**Extracted information**
*-*-*
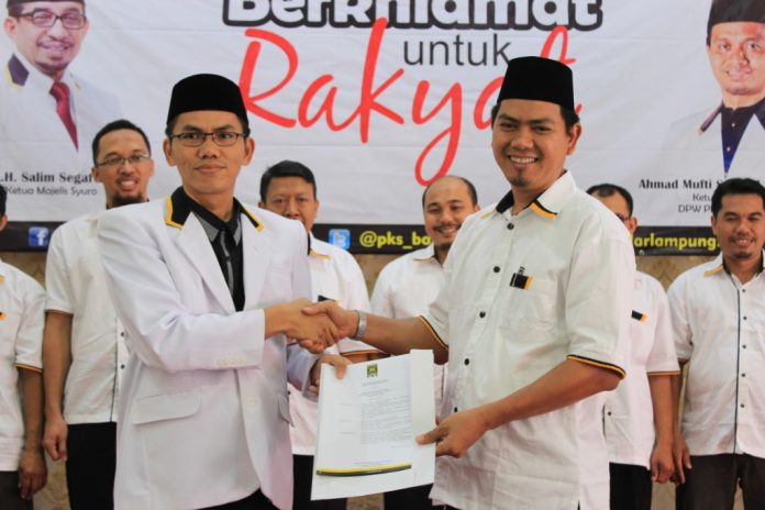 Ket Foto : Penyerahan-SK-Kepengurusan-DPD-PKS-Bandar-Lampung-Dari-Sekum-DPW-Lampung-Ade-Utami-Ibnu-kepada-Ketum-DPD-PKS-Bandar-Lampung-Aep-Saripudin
*-*-*
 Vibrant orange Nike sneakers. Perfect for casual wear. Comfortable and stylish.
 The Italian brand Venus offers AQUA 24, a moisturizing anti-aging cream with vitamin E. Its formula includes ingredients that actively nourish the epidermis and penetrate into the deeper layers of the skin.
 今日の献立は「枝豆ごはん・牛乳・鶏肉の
*-*-*
**What you should do**
All lines in the listing above between the line with "Vibrant orange Nike" and the line with "今日の献立は「枝豆ごはん・牛乳・鶏肉の", inclusive, should be set down exactly, and no line outside that range.

**Written reply**
 Vibrant orange Nike sneakers. Perfect for casual wear. Comfortable and stylish.
 The Italian brand Venus offers AQUA 24, a moisturizing anti-aging cream with vitamin E. Its formula includes ingredients that actively nourish the epidermis and penetrate into the deeper layers of the skin.
 今日の献立は「枝豆ごはん・牛乳・鶏肉の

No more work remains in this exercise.